The guy's got six months of data sampled weekly -- call it 26 data points. I really think smoothing + integral transforms is overkill (and probably overfitting!). Such a short series probably only tells you where you are and how fast things have been changing lately.

EDIT: Sorry, I went back and read again, and I may have gotten this wrong. In the OP, kdbnlin78 says the data are sampled daily. But then later he says they're sampled on Fridays. So I'm not sure if he has 26 or 180 data points. But the point stands.

12. Jul 18, 2011

### kdbnlin78

13. Jul 18, 2011

### pmsrw3

Oh, 1100... Well, that puts a bit of a different complexion on things.

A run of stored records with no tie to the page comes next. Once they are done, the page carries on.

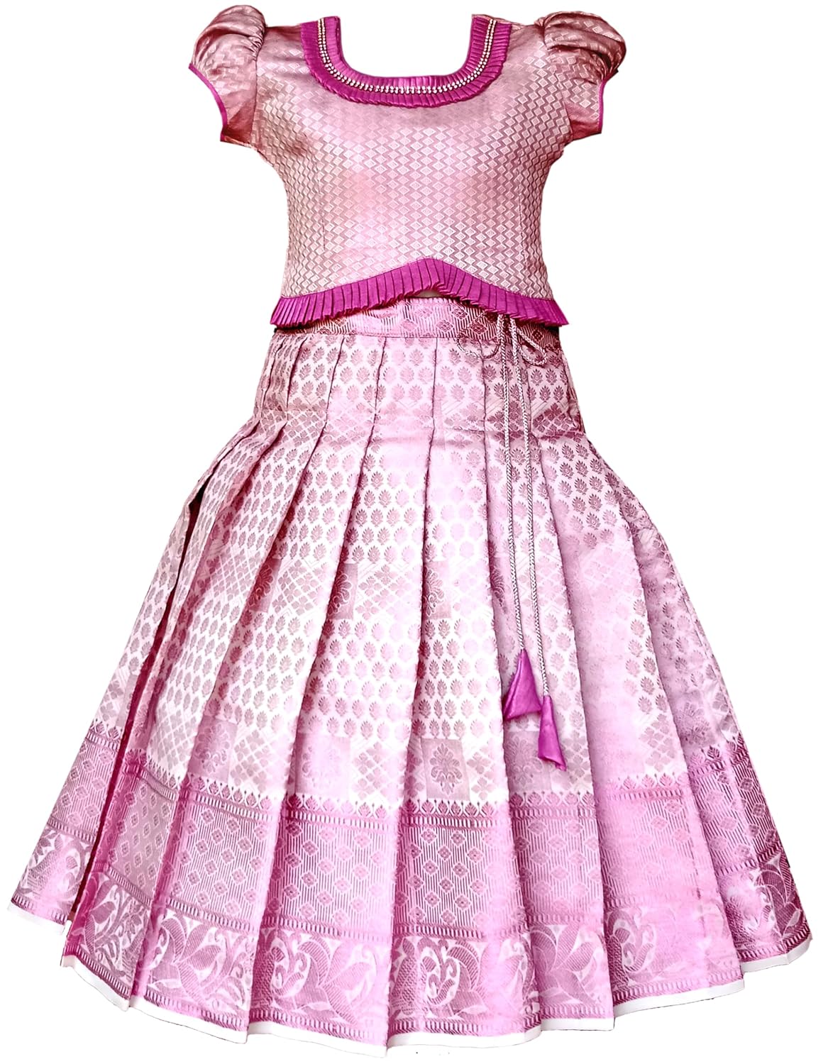 Girl’s Silk Readymade Traditional Lehenga Choli with- Multi Jarigai KERALA PATTU HALF SAREE -Readymade Pattu Pavadai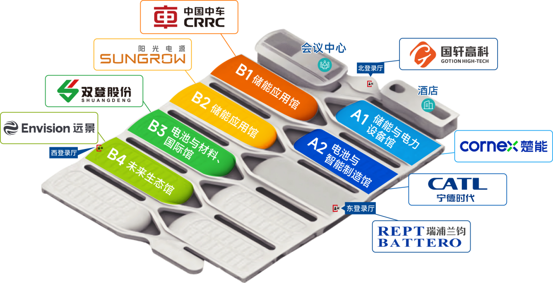 龙头齐聚,全链构建产业生态矩阵。全球头部储能企业悉数集结,构建起“先进材料—核心零部件—关键设备—系统集成—场景应用—配套服务”的完整生态矩阵。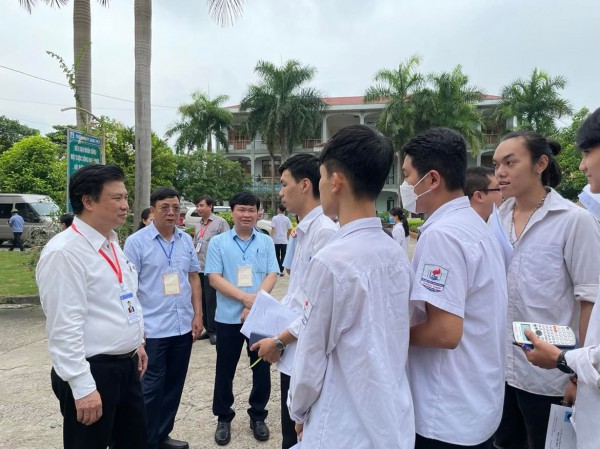 Chiều nay 7.7, Thứ trưởng Bộ GD-ĐT Nguyễn Hữu Độ dẫn đầu đoàn kiểm tra số 1, kiểm tra công tác coi thi tại Hội đồng thi tỉnh Thái Nguyên. Kết thúc buổi thi môn toán, ông Độ đã trò chuyện với thí sinh tại điểm thi THPT Gang Thép về đề thi môn này và nhận được phản hồi tích cực, tự tin về bài làm của các em.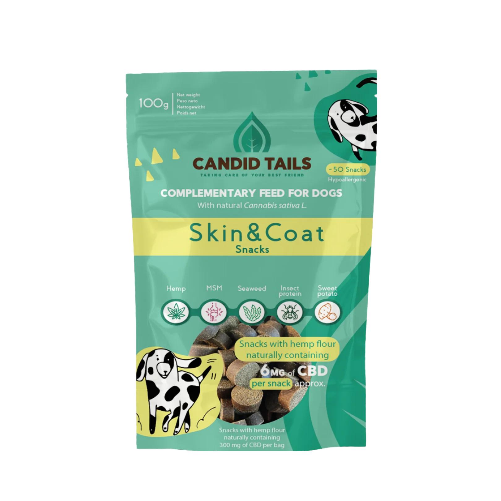 CandidTails Skin & Coat CBD Snacks are complementary feeding treats formulated to support skin health and coat condition in dogs. Each snack contains approximately 6mg of naturally derived CBD from hemp, combined with carefully selected ingredients designed to support skin comfort and overall wellbeing.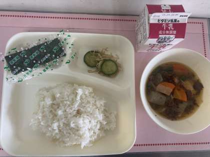 「牛肉と野菜のいため煮」は、牛肉、つなこんにゃく、厚揚げ、玉ねぎ、にんじん、さんどまめを使用し、砂糖、みりん、塩、濃口しょうゆで甘辛く味付けしています。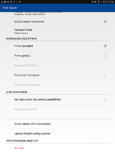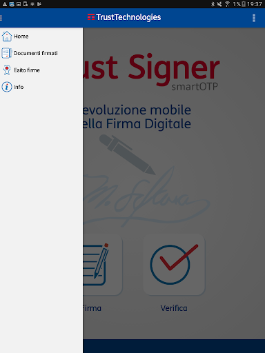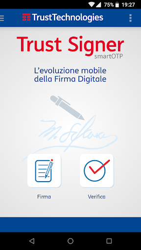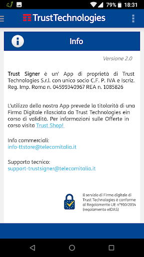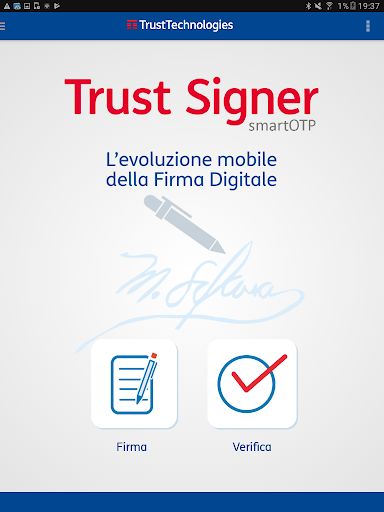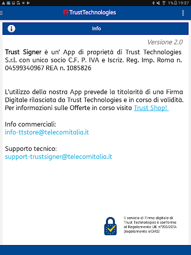 সর্বশেষ আপডেটটি অ্যান্ড্রয়েড বা উচ্চতর সংস্করণ 5.0 প্রয়োজন। যদি আপনার কোনও ডিভাইস থাকে তবে নতুন সংস্করণগুলিতে এটি আপডেটযোগ্য নয় তবে আপনি পিসি / ম্যাক / লিনাক্সের জন্য ট্রাস্ট সাইনার 'সফটওয়্যারের মাধ্যমে ডিজিটাল স্বাক্ষর পরিষেবাটি ব্যবহার করতে পারেন, যা সাইট থেকে ডাউনলোডযোগ্য https://www.trusttechnologies.it/download/software /। আরও তথ্যের জন্য লিখুন: info-ttore@telecomitalia.it।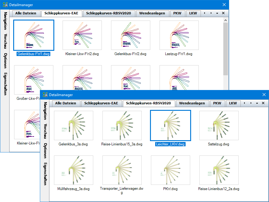 Die umfangreiche Symbolbibliothek von WS LANDCAD enthält diverse EAE-konforme Symbole in separaten Verzeichnissen. Diese Funktion ermöglicht in der werksmäßigen Voreinstellung einen direkten Aufruf der Schleppkurvenschablonen nach EAE sowie nach der RBSV 2020. Die Schablonen sind nach den jeweiligen Fahrzeugtypen benannt. Bei den Schablonen der RBSV 2020 sind die Spuren unterschiedlicher Winkelwerte aus separaten Layern, so dass diese ganz nach Bedarf ein- und ausgeschaltet werden können.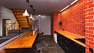 Подходит для размещения до 6 гостей. На первом этаже расположена студия площадью 42 кв. м, душевая, туалет. Есть диван, барный стол и 6 стульев, телевизор. На втором этаже есть просторный балкон второго света 16 кв. м, две спальни по 10 кв м, санузел. Для размещения гостей предоставляются двуспальные кровати, есть два телевизора. Кухня оборудована всей необходимой техникой, есть холодильник, индукционная плита на две конфорки, микроволновая печь, духовой шкаф.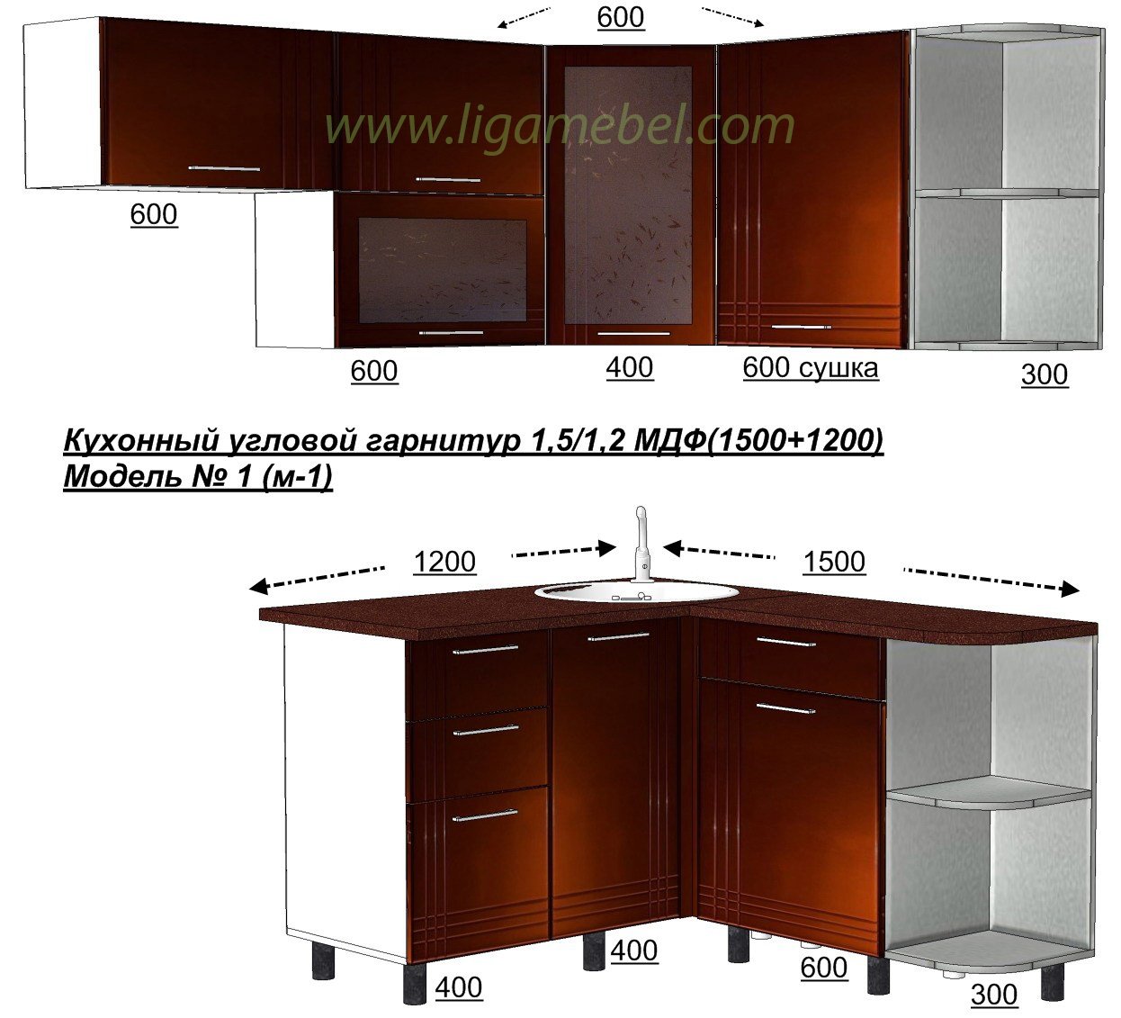 Кухонный гарнитур угловой 1.5 на 1.5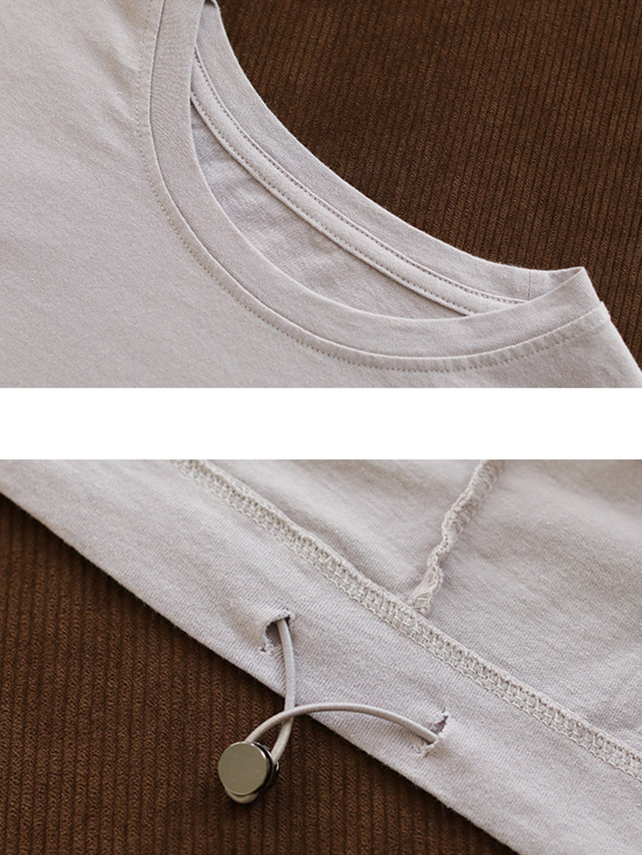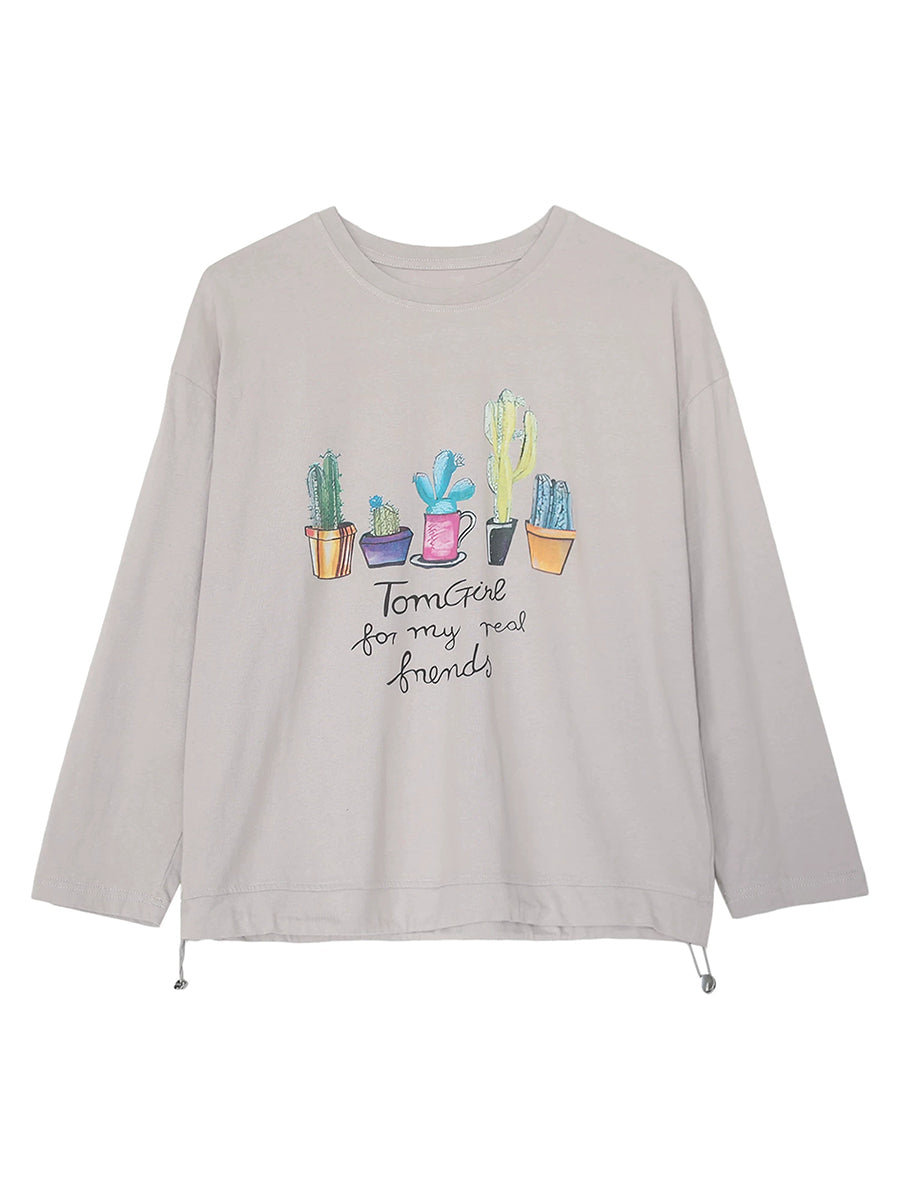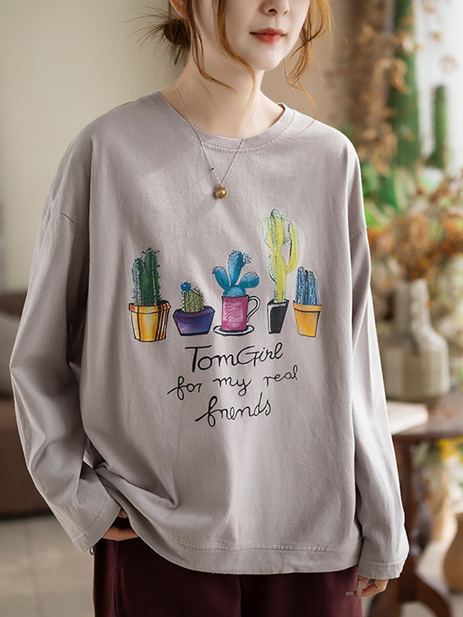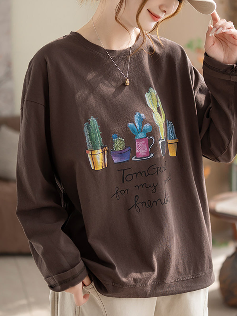 Blusa de algodón con cuello redondo y estampado de plantas artísticas de primavera para mujer

You know, I think you should try http://en.wikipedia.org/wiki/LOESS" [Broken].

Last edited by a moderator: May 5, 2017
14. Jul 18, 2011

### kdbnlin78

Ok - Local regression. I awsn't aware of it as a technique. I think you may be right though, looks like a good technique for my problem. An unknown function representing the data and my needs for a forecast.

(Edit: I see that the technique is local since all we are doing are Taylor expansions - makes sense now)

Thank you very much for that - I'll search the term and do some reading!

Regards,
kdbnlin

Last edited by a moderator: May 5, 2017